◆ TASK ITEM
There are pictures in the records below; leave them out and set down exactly the lines from the one holding "We will be hosting" through the one holding "Produktnavn:Økologisk sød solbær/æblesaft".
EXTRACTED MATERIAL section start
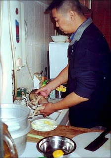 Você, que já deu uma olhadinha nas fotos, percebeu o ar tranqüilo do Zhu Yu ao saborear o coelho ou o pato com cabeça de boneca?
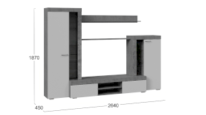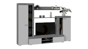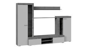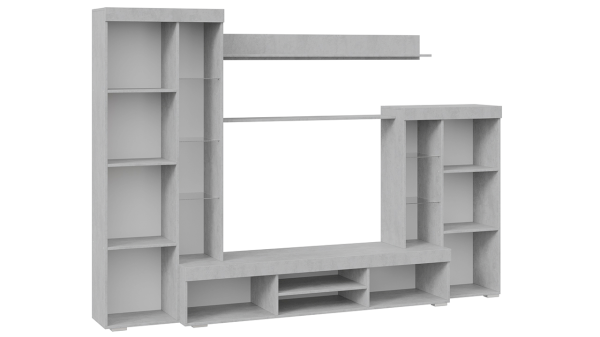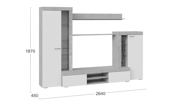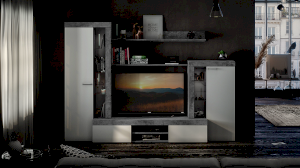 Сочетание белых фасадов, черной лицевой фурнитуры и каркасов в текстуре «Цемент светлый» способно освежить и преобразить комнату, придать интерьеру вашей гостиной современный, благородный вид.
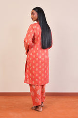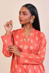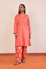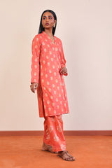 A long straight shirt with jaquard pattern all over, with band V shaped neckline, and full sleeves. Paired with a pattern shalwar.
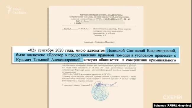The leak contains Novytska’s budget estimate for defending the treason-accused Kuzmich. The cost of legal services is 140 thousand US dollars, at five thousand dollars per month from 2020 to 2022.
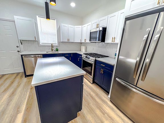 Inside, you'll find brand new finishes throughout including quartz countertops, custom cabinets, and designer tile work. The home features stainless steel appliances, central heat and air, and PVC flooring on both levels for a clean, modern look. A washer and dryer are included for your convenience.
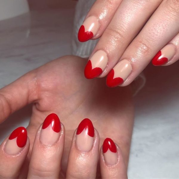 Las uñas almendradas son ahora tendencia de modo que podemos elegirlas también como las uñas que llevar en un día tan importante como es la celebración de San Valentín. De este modo, podéis elegir algo similar a lo que vemos en este diseño, inspirado en la manicura francesa, en la que a partir del color nude y el color rojo, se crea un bonito corazón con forma almendrada.
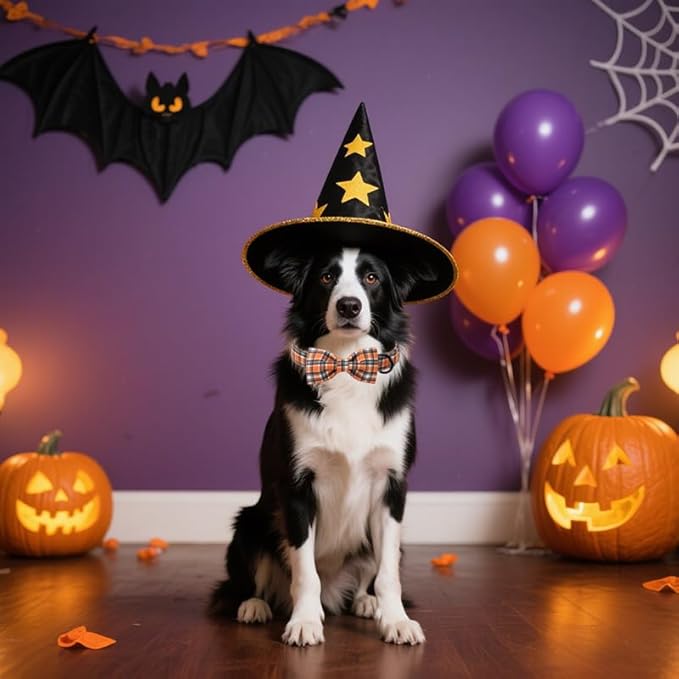Lionet Paws Fall Halloween Dog Collar with Black Orange Grid, Cotton Thanksgiving Bowtie Collar, Light Adjustable Collars for Small Medium Large Dogs
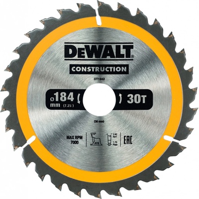 DEWALT kotoučová pila 184/30 mm 30WZ DT1942-QZ Technické údaje:Počet zubů: 30Tvar zubů: WZPrůměr: 184 mmŠířka řezu: 2,6 mmVrtání: 30 mmÚhel zubů: 10° Upozornění: Dekorace nejsou...
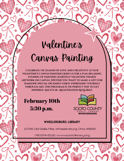We will be hosting Painter’s choice. There are several options of items available to choose. The class begins at 5:30 p.m. There will be limited available seating, please stop in to pre-register, for more information, call the South Webster Branch Library at 740- 778-2122
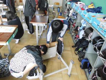 6年生は,机・いすの高さの調節を自分たちでしています。いい姿勢で集中して学習に取り組んでいきたいです。
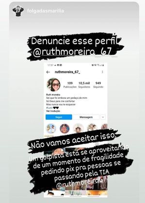 "Não vamos aceitar isso. Um golpista está se aproveitando de um momento de fragilidade pedindo pix para as pessoas se passando pela Ruth Moreira", postou a mãe da cantora nos stories do Instagram.
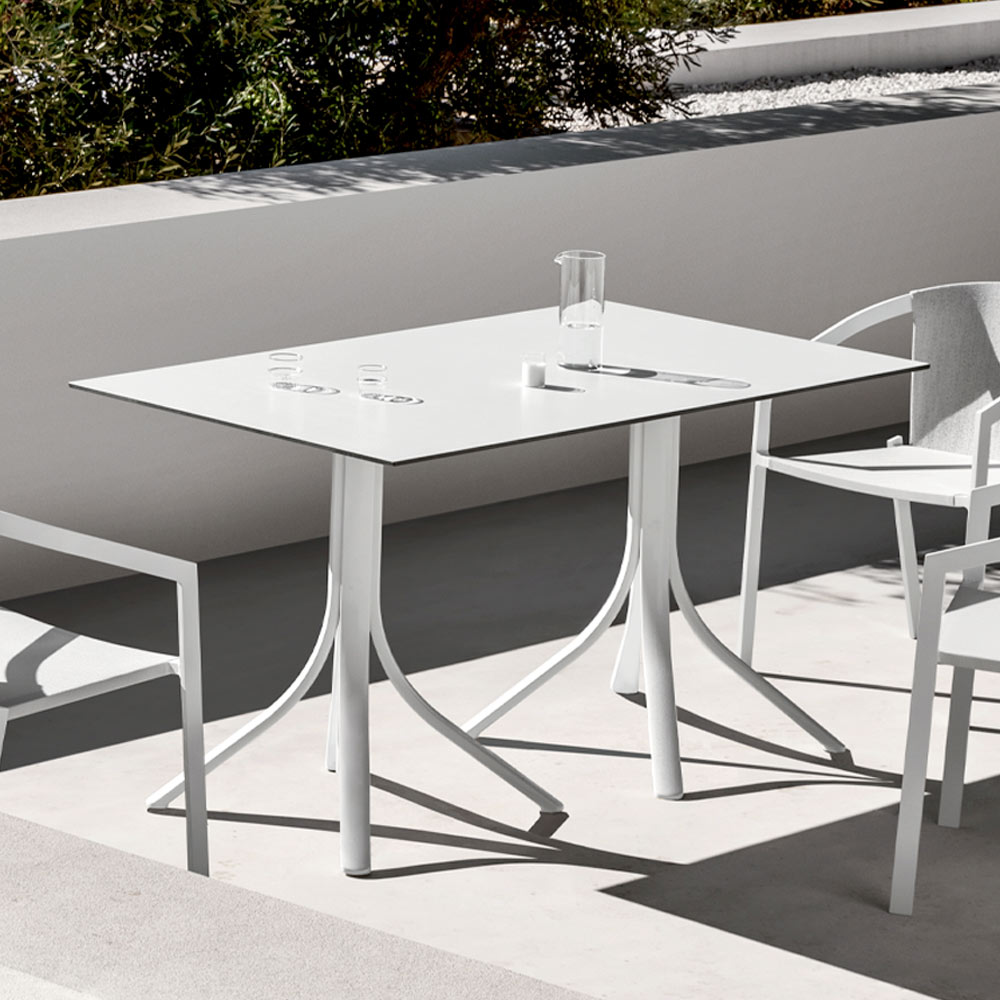 Table d'extérieur au design rectangulaire en aluminium et plateau en hpl en 2 finitions, article de haute qualité fabriqué en Italie.
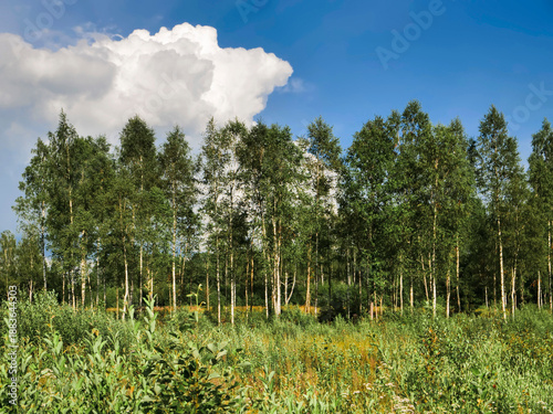 Obraz premium A forest with a fine birch trees in the foreground. Relaxing nature...
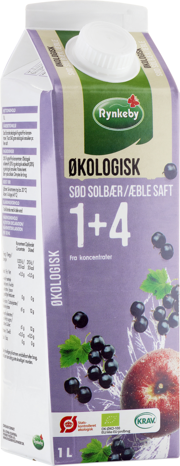 Produktnavn:Økologisk sød solbær/æblesaft 1 4
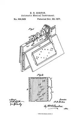 Around 1823, his family moved to Covert, New York, where he grew up. When Horton was 19 years old, he served for three years as a cabinet maker's apprentice under George Whiton (1801–1878).[2] After this, he became involved in the manufacture of melopeans, instruments similar to melodeons. His taste for music showed itself at an early age and during his lifetime he invented various musical instruments, most celebrated being the organette. His first patents for the instrument were granted in 1877 and 1878, and these were followed by a device for cutting the slots in the paper rolls used in the organette. A company to manufacture this instrument was founded in 1879, where he served as its president until his retirement in 1883.
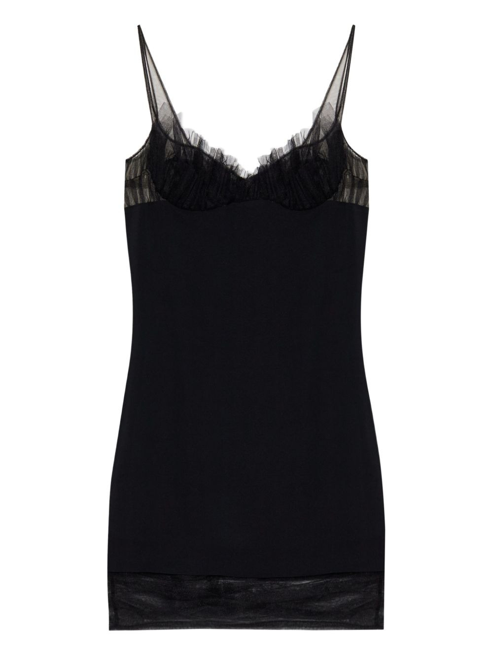 tulle-trim mini dress Highlights - Black - Tulle trim - Thin shoulder straps - Zip fastening - Ruffled detailing - Straight hem Made in Italy Composition Outer: Viscose 95%, Spandex/Elastane 5% Washing instructions Read Manufacturer Guidelines
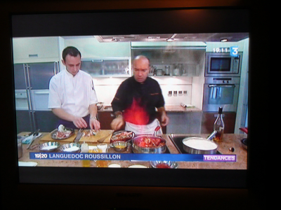 Spécialement pour la région Languedoc Roussillon, Jacques Pourcel s’est mis en cuisine la Veille de Noël pour préparer devant les caméra de France 3 » un Homard Breton aux salsifis et caramel d’orange « .
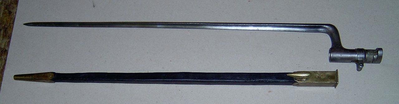 Средний штык - от пехотной винтовки Бердана № 2 обр. 1870 г.. Клинок четырехгранный. В примкнутом положении находится справа от ствола.Длина клинка 20 дюймов (508 мм). Вес штыка 1 фунт (409 грамм). В внутреннем наряде и в увольнении штык носили отомкнутым от винтовки в ножнах слева на поясе (это по уставу).
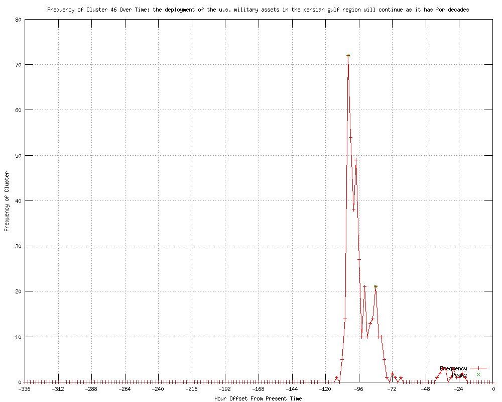 | 6 | deployment of us military assets in the persian gulf region will continue as it has for decades Urls http://au.news.yahoo.com/a/-/business/12489640/iran-warning-over-us-warship-raises-tensions-oil-prices/ http://au.news.yahoo.com/world/a/-/world/12489640/iran-warning-over-us-warship-raises-tensions-oil-prices/ http://au.news.yahoo.com/a/-/world/12489640/iran-warning-over-us-warship-raises-tensions-oil-prices/ http://sbs.com.au/news/article/1616411/Iran-s-US-warship-warning-raises-tensions http://godubai.com/gulftoday/article.asp?AID=77&Section=Main http://novinite.com/view_news.php?id=135366 |
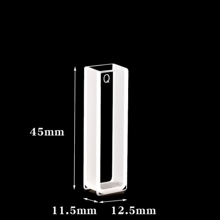 Quartz Customized Cuvette, 2 Clear Windows, Volume: 3 mL, Outer Dim(HxWxD): 12.5 x 11.5 x 45mm, Path Length: 9mm, Inner Width: 10mm, Wavelength: 190 – 2500nm, Fabrication: Fused, No Lid, Packing: 1pc/ea, PN: QG24270-2
EXTRACTED MATERIAL section end
◆ OUTPUT BELOW
We will be hosting Painter’s choice. There are several options of items available to choose. The class begins at 5:30 p.m. There will be limited available seating, please stop in to pre-register, for more information, call the South Webster Branch Library at 740- 778-2122
 6年生は,机・いすの高さの調節を自分たちでしています。いい姿勢で集中して学習に取り組んでいきたいです。
 "Não vamos aceitar isso. Um golpista está se aproveitando de um momento de fragilidade pedindo pix para as pessoas se passando pela Ruth Moreira", postou a mãe da cantora nos stories do Instagram.
 Table d'extérieur au design rectangulaire en aluminium et plateau en hpl en 2 finitions, article de haute qualité fabriqué en Italie.
 Obraz premium A forest with a fine birch trees in the foreground. Relaxing nature...
 Produktnavn:Økologisk sød solbær/æblesaft 1 4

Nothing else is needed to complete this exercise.